The Lowdown on Bygone Dirt
I smile because I've never forgotten being informed by English literature professors in my college days that, beneath all their copious, colorful and exaggerated finery the royalty and the nobility in those days were a mess. Those founts of useful information put across in no uncertain terms the revelation that there is a huge disconnect between the ideas of sanitation in the regal settings of just a few hundred years ago and today's admonitions toward super cleanliness that in nearly every string of TV commericials we are urged to achieve. And I wondered if it was actually true that, if we could go back into Versailles or one of those other fabled halls where all that gentry was gathered, at one of their balls or a meeting of lords, dukes, and even kings, whether our noses would indeed be assailed by all sorts of scents that we associate with pigpens and untreated sewage, while, if we were to look closely, we would see complexions on that bygone elite that would make us think of sandblasting activities or unhappy experiences while trying to climb Mt. Everest.
It seems that we would.
There's a principle that rules in many areas of our lives and is a staple of dramas of all kinds, in which rogues attract far more of our attention than do saints. So, since being unkempt and dirty has the ability to garner our interest at least as much as being tidy and clean -- that is, if you're not going to a dance or a singles bar in the next half-hour -- there are two recent books that sound like they offer engrossing reading.

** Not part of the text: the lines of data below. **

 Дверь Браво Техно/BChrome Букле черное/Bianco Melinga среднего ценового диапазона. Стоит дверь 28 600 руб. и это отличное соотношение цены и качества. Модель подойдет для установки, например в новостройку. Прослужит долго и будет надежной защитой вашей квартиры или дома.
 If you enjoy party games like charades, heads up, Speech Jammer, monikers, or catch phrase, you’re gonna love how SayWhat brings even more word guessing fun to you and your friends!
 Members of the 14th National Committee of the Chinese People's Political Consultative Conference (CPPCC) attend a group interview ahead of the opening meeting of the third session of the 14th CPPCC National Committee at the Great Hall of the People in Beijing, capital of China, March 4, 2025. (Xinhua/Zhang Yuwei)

I couldn't resist grabbing for this post the following passages from a review of both books that appears in a recent issue of the Wilson Quarterly. (The quarterly's site was so cagey about supplying the issue's exact date that I couldn't find it in the two minutes that I allotted to the search, though I'm guessing it is Spring 2008. Meanwhile thanks, Angry Arab.)
The real Dark Ages of cleanliness began in the 16th century. Fear of disease helps explain why people just stopped bathing—indeed, doing any meaningful washing. Ashenburg blames the plague, which produced so many corpses that they were layered in mass graves “just as one makes lasagne,” wrote one Florentine. Smith thinks the likelier culprit is syphilis, which by the 16th century was both virulent and prevalent. Clueless doctors declared that bathing was dangerous, because it opened the skin to the malign “vapors” thought to cause much illness.

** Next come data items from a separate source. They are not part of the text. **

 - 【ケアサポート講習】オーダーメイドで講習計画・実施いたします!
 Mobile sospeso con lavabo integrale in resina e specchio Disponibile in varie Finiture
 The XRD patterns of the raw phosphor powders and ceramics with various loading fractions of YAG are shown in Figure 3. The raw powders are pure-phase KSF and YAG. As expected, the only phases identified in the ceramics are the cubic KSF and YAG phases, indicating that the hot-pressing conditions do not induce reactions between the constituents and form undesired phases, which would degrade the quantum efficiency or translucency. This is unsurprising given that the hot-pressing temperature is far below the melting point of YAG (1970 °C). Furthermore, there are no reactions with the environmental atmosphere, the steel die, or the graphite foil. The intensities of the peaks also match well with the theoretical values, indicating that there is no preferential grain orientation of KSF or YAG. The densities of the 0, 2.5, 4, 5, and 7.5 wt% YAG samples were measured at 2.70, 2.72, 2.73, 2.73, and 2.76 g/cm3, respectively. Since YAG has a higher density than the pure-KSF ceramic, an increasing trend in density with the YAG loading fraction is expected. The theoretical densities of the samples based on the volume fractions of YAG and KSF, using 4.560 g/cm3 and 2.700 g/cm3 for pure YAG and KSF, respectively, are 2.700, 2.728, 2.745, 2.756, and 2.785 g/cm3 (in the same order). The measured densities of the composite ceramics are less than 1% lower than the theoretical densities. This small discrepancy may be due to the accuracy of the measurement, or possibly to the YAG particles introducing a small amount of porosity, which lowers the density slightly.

....Most of the deliciously dreadful things you know about how dirty people used to be are drawn from this lengthy Age of the Great Unwashed. Even aristocrats were filthy and louse ridden beneath their jewels, brocades, and furs. In England, Elizabeth I declared that she bathed once a month “whether I need it or not.” In Spain during the Inquisition, Ashenburg says, Jew and Muslim alike could be condemned by the frightful words “was known to bathe.” Nor was sanitation prized in France, where feces left in the halls of Versailles were carted away once a week. Instead of bathing, smelly, grimy people changed into fresh linens, which became a consumer craze among the Dutch. When John Wesley famously remarked, in 1791, that “cleanliness is, indeed, next to godliness,” he wasn’t talking about the body, but about clothes.
If you want to read more, one of those books is "Clean: A History of Personal Hygiene and Purity," by Virginia Smith. It is described by the quarterly as being "scholarly." The other is "The Dirt on Clean: An Unsanitary History," by Katherine Ashenburg." It is described as being "gossipy." I know which one will be grabbed first.